To further investigate the molecular regulatory mechanism of LsrR on antibiotic susceptibility, we constructed an isogenic lsrR-deficient mutant using the λ Red recombinase system in APECX40, which is a clinical E. coli strain isolated from a pigeon with airsacculitis. We performed RNA-seq and RT-qPCR experiments. These results showed that lsrR deletion significantly increased the transcript levels of mdtH, a gene that encodes the MdtH multidrug efflux pump system. These data suggested that the transcriptional regulator LsrR negatively regulates expression of the MdtH multidrug efflux pump. To further confirm the regulatory mechanism of LsrR on the MdtH multidrug efflux pump system, we also constructed the lsrR- and mdtH-overexpressing strains using pUC19 and detected the susceptibility of these strain to norfloxacin, ofloxacin, ciprofloxacin, and tetracycline.

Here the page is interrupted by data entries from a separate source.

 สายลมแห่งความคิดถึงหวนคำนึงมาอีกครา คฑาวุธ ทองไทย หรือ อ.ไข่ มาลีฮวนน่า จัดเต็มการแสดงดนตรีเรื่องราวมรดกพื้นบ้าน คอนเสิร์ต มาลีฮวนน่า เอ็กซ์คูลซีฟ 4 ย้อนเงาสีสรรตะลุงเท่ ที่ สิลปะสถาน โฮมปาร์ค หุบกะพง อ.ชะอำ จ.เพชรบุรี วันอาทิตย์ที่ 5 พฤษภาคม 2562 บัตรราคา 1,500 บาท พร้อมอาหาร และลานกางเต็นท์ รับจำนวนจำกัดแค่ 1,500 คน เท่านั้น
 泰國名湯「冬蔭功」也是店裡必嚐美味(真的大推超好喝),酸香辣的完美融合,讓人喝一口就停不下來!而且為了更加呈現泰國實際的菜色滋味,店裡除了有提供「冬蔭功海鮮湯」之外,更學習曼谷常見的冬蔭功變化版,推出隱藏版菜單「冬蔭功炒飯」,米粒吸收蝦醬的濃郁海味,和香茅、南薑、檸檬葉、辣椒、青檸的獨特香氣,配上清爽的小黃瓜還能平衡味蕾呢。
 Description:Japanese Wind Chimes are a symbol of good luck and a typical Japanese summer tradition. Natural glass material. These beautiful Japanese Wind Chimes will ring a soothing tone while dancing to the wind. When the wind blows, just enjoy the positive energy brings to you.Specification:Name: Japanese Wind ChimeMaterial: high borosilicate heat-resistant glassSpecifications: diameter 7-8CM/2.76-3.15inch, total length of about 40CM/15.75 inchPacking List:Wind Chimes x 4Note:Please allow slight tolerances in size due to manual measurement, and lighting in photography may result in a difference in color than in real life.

Our results revealed that only the tetracycline MIC was altered (increased 2 times) in the mutant strain XY10/pSTV28 compared with WT strain WT/pSTV28; the MIC value of the complement strain was restored. Furthermore, the overexpression of lsrR or mdtH did not alter the MIC of the overexpressing strains XY10/pUClsrR and XY10/pUCmdtH to norfloxacin, ofloxacin, ciprofloxacin, and tetracycline when compared with the parent strain WT/pUC19 (Table 5). However, in the presence of antibiotics, the survival rates of the lsrR mutant and the mdtH-overexpressing strains significantly increased, and the survival rate of the lsrR-overexpressing strain was significantly decreased, when compared with that of their parent strains. It is reasonable that the discrepancy in results can be attributed to the use of a less sensitive broth dilution MIC method compared with the more sensitive efficiency of plating method (Sulavik et al., 2001).

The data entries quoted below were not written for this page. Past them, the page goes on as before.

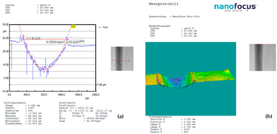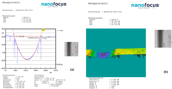 Dry friction test of BFRP + 10% CuSn10 sample, performed at 10 N load, 0.25 m/s sliding speed, and a duration of 120 min, in contact with a chromium–alloy steel ball: (a) Wear surface profile curve; (b) 3D worn surface morphology of the disk.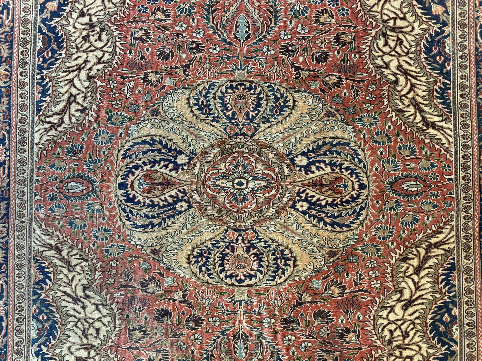 Enhance your space with the rug’s rich colors and enduring hand-knotted construction. The wool fibers deliver a soft, durable feel underfoot, while the ornate floral medallion pattern adds timeless elegance without overpowering other decor. Its semi-antique charm pairs well with both traditional and contemporary interiors, and the recently cleaned condition helps ensure immediate, hassle-free enjoyment in high-traffic areas.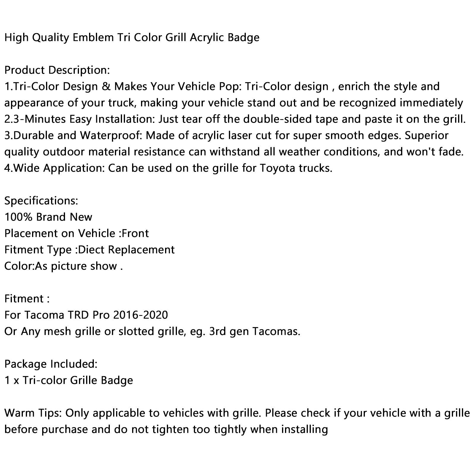 Autocollant de calandre avant tricolore pour Tacoma TRD Pro 2016-2020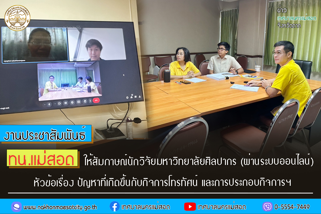 ทน.แม่สอด ให้สัมภาษณ์นักวิจัยมหาวิทยาลัยศิลปากร (ผ่านระบบออนไลน์) หัวข้อเรื่อง ปัญหาที่เกิดขึ้นกับกิจการโทรทัศน์ และการประกอบกิจการฯ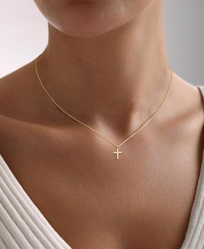 Cross Necklace for Women, Dainty 14K Gold Cubic Zirconia Pendant Cross Necklaces Simple Cute Tiny Gold Jewelry 7

Nishino and Yamaguchi cloned the mdtH ORF into the pTrc6His expression vector and found that mdtH increases 2 times the norfoxacin and enoxacin MIC of E. coli KAM3, a derivative of K-12 that lacks a restriction system and acrB (Nishino and Yamaguchi, 2001). A subsequent study reported that MdtH overexpression increases cell tolerance and production of 1,2,4-butanetriol, an important precursor in the synthesis of various drugs and chemicals such as 1,2,4-butanetriol trinitrate, in E. coli (Zhang et al., 2018). Until now, whether mdtH affects the antibiotic susceptibility in APEC has not been reported. In this study, we found that MdtH overexpression decreased the susceptibility of APECX40 to norfloxacin, ofloxacin, ciprofloxacin, and tetracycline, and deletion of the lsrR gene also decreased the susceptibility of APECX40 to norfloxacin, ofloxacin, ciprofloxacin, and tetracycline. Moreover, our results demonstrated that deletion of lsrR upregulates mdtH transcription. LsrR binds to the mdtH promoter, a finding that indicates LsrR inhibits the expression of the MdtH multidrug efflux pump by binding to the promoter region of mdtH. Therefore, this study is the first to demonstrate that the transcriptional regulator LsrR decreases the E. coli strain APECX40 susceptibility to norfloxacin, ofloxacin, ciprofloxacin, and tetracycline by inhibiting transcription of mdtH, which encodes the MdtH multidrug efflux pump.

Conclusions

This study is the first to demonstrate that LsrR inhibits transcription of the MdtH multidrug efflux pump by binding directly to its promoter region, and then decreases susceptibility to norfloxacin, ofloxacin, ciprofloxacin, and tetracycline in E. coli strain APECX40. Hence, this study provides a molecular basis for investigation on the effect of LsrR on bacterial resistance, and this study might provide a potential drug target for the prevention and treatment of APEC infections by inhibiting cell–cell communication.